Since Guevara neither was born nor lived in Cuba prior to joining the revolution, this casts some doubt over the purity of his cause.
Yet in retrospect, this fact can only readdress the popular perception of Guevara the compassionate hero. To leave the comfort of a large, well-off upper middle-class background and embark on such a trip required more then the usual youthful thirst for travel, nor could it have been an attempt to impress university entry committees he had already studied medicine at the University of Buenos Aires — it is not without credit then, to suggest that Guevara was a man of genuine sympathy and curiosity about the plight of the less fortunate of his generation.

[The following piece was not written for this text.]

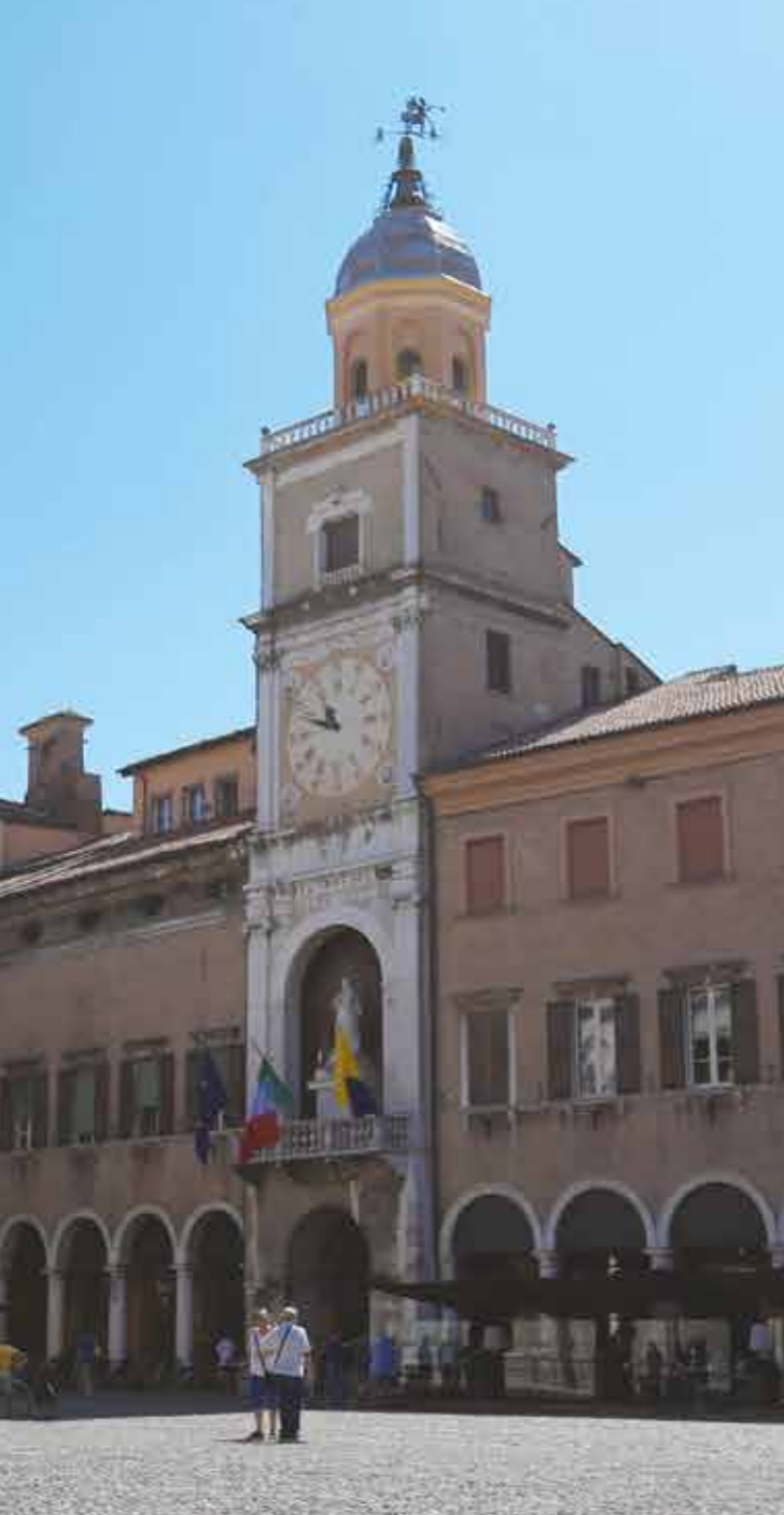
Da sinistra a destra: Palazzo Comunale, Sala della Torre Mozza, Camerino dei Confermati, Sala del Fuoco, Sala del Vecchio Consiglio, Sala degli Arazzi, Stemma di Modena nella Sala dei Matrimoni.

Yet in the background to these writings, there runs a steady line of observation and a simmering dismay over the social conditions he encounters. After a night of deliberation, Guevara was executed, his hands severed from his body to prove his death and the corpse its self buried in a secret location.
It is difficult not to agree. His communist tendencies were established long before even Castro came to agree with him.
By luck the wound was superficial. The man holding the smoking gun would be Guevara. Jimmy Hendrix died young being a rock a roll star, but the criteria for his status as an icon was how he played the guitar.
Ernesto Guevara the Latin-American, who believed women as intellectually inferior and homosexuals as despicable. Ernesto Guevara the militant, directly responsible for the execution of dozens of Batista loyalists and advocate of nuclear confrontation during the Cuban Missile Crisis.
Towards the end of the Cuban war, the Guerillas executed the first traitor in their ranks. Even byhaving achieved more then most consider imaginable in pursuing an honorable cause, an unhealthy and revered Guevara gave up his comfortable position to once again fight for liberation — just as he had given up his comfortable middle-class roots to fight for Cuba.
Though the rebellion failed and Guevara was forced to withdraw, by he left to lead another revolution in Bolivia.
By contrast, Guevara was more secure in his heritage. His legacy is one of exploring, learning and endlessly pursuing the improvement of this world through genuine and practical means — a policy of action sadly redundant in the world today. This time, he traveled in disguise to Africa, assembling troops to fight in the Kinshasa rebellion in the Congo.Was Ernesto Guevara Deserved Of His Iconic Status - Assignment Example On In Assignment Sample Aged twenty-four, Ernesto Guevara pens a regular letter home to Rosario, Argentina from his flat in Mexico.
The Big Question: Who was Che Guevara, and does he deserve his iconic status? The Independent US. Maybe it's because of the famous picture of Ernesto "Che" Guevara, snapped by Alberto.
Free Essay: Ernesto Guevara Iconic Status Aged twenty-four, Ernesto Guevara pens a regular letter home to Rosario, Argentina from his flat in Mexico. It. Ernesto Guevara Iconic Status Essay Words | 11 Pages. Ernesto Guevara Iconic Status Aged twenty-four, Ernesto Guevara pens a regular letter home to Rosario, Argentina from his flat in Mexico.
Guevara’s Revolutionary Involvement from Ernesto Guevara, born in in Rosario, Argentina, was not born poor. He lived in middle-class comfort, attending school on a regular basis and participating in athletics and extra-curricular activities that he could take advantage of due to his middle-class status.